Widoczna na zdjęciu po prawej stronie blaszka to separator między klockami a zaciskiem. Blaszka ta ma niwelować wibracje, żeby klocki nie piszczały przy hamowaniu. Z bliżej nieznanego powodu element ten wysunął się z mocowania i oparł o aluminiowy dzwon tarczy hamulcowej. Blaszka jest cienka i ostra, więc zaczęła działać jak skalpel, powoli przecinając aluminium. Na zdjęciu widać, że nity mają się dobrze, żaden nie został zerwany. Po prostu aluminiowe mocowanie zostało przepiłowane i odpadło. Od razu powiem: nikt nie został poszkodowany, nie doszło do wypadku, usterka została wykryta podczas normalnej jazdy, a samochód trafił do warsztatu. Zadziałały systemy bezpieczeństwa i samochodem można było normalnie się zatrzymać.

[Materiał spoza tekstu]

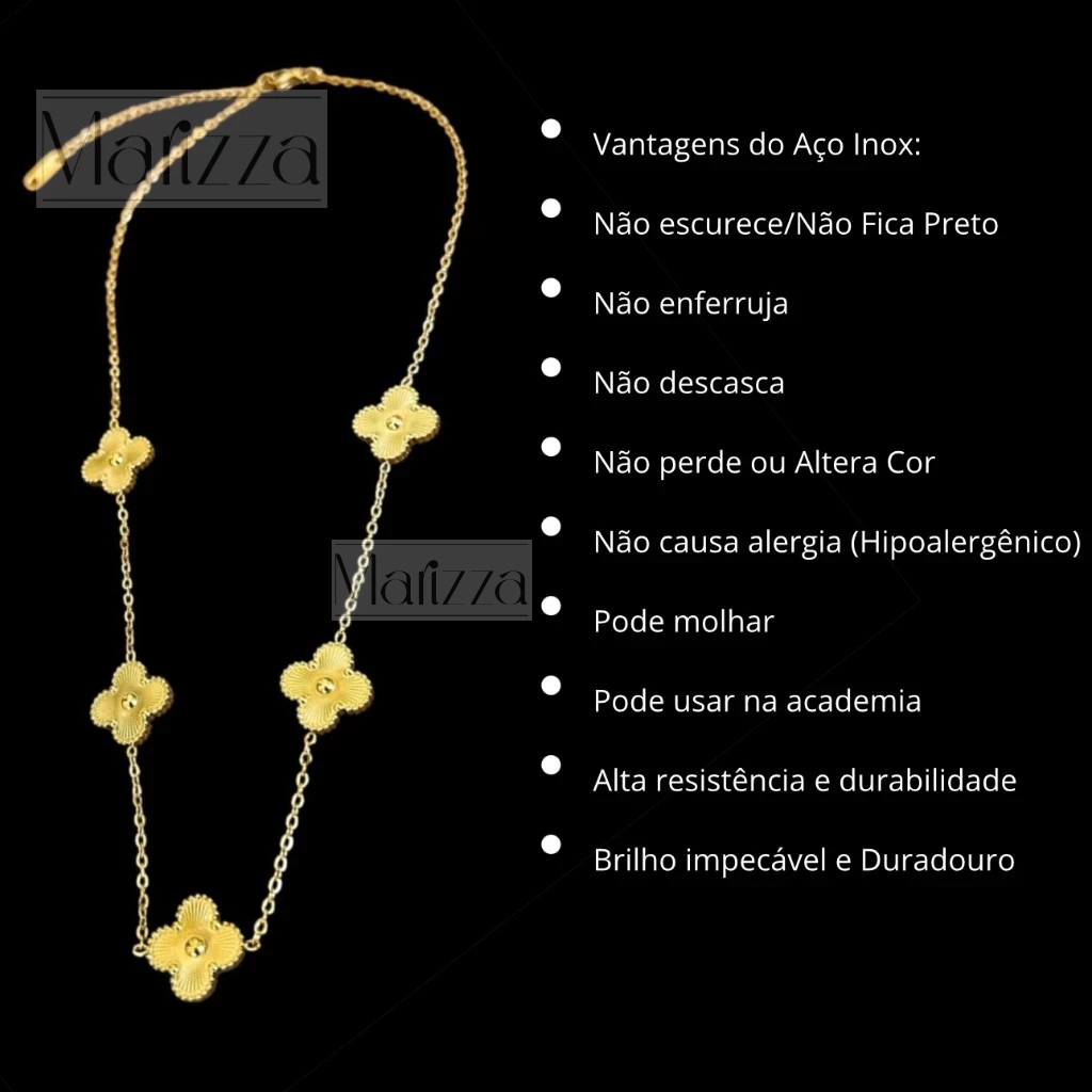 Nós da Marizza somo uma empresa com mais de 20 anos de experiência com lojas físicas, resolvemos ampliar e mostrar a qualidade dos nossos produtos para clientes do Brasil todo através dessa plataforma, somos uma empresa seria com CNPJ, portanto temos registro legal e nota fiscal, nossas pratas são legitimas e com certificado, nossos aços inoxidáveis são de altíssima qualidade, fornecedores que trabalhamos a anos, você pode confiar!! "Não visamos preço, estamos sempre em busca de qualidade" OS TREVOS SÃO EM MADREPÉROLA, NÃO SÃO DE PLASTICO, a madrepérola tem uma qualidade e brilho totalmente diferentes do plástico. Material: Aço inoxidável 316L Antialérgico legítimo com banho dourado ou prateado Peso: 3,0g Tamanho: 41cm de colar + 7cm extensor (Possui ajuste de 40cm até 48cm podendo variar um pouquinho) Itens inclusos: - Colar trevo aço inoxidável dourado ou prateado - Porta joias grande Marizza - Informativo de cuidados com a peça - Brinde de lacinhos de cabelo Quais as Vantagens da peça em aço inoxidável? - Ótimo custo beneficio - Não escurece - Não oxida - Não descasca - Pode tomar banho, piscina e mar.

Tej awarii nie dało się zapobiec ani uniknąć
Nie uda się zastosować ulubionego hasła polskich kierowców „jak dbasz, tak masz”. To chyba musieli wymyślić producenci samochodów, bo to hasło eliminuje wszelką ich odpowiedzialność za ewidentne wady fabryczne. Być może jest to przypadek jeden na milion, a być może w ogóle aluminiowe rotory tarcz hamulcowych w tak mocnych samochodach to nie jest najlepszy pomysł. Pomijam już, że w pogoni za milionem koni mechanicznych musimy konstruować coraz to bardziej skomplikowane układy, podnosząc w konsekwencji ryzyko awarii.

Czy takie przypadki już się zdarzały?
Trafiłem na bardzo szczegółową analizę pęknięcia tarczy hamulcowej odlewanej z jednego elementu. W opisywanym powyżej przypadku przyczyna była jasna, tutaj głowili się dłuższy czas, żeby znaleźć powód. Ostatecznie ustalono, że materiał, z którego wykonano tarczę był zły, bo w metalu znalazły się „wstawki niemetaliczne”, które pracują inaczej niż metal i doprowadziły do powstania mikropęknięć.

Analiza jest naprawdę szczegółowa, co prowadzi do takiego wniosku: producent tego samochodu powinien naprawdę się cieszyć, że sytuacja nie zdarzyła się w Stanach Zjednoczonych. Tamtejsi prawnicy wycisnęliby z tego jakieś siedem pociągów pieniędzy. A u nas wystarczy wymienić tarcze i klocki, i można latać dalej, z lekką obawą z tyłu głowy czy tym razem uda się zahamować.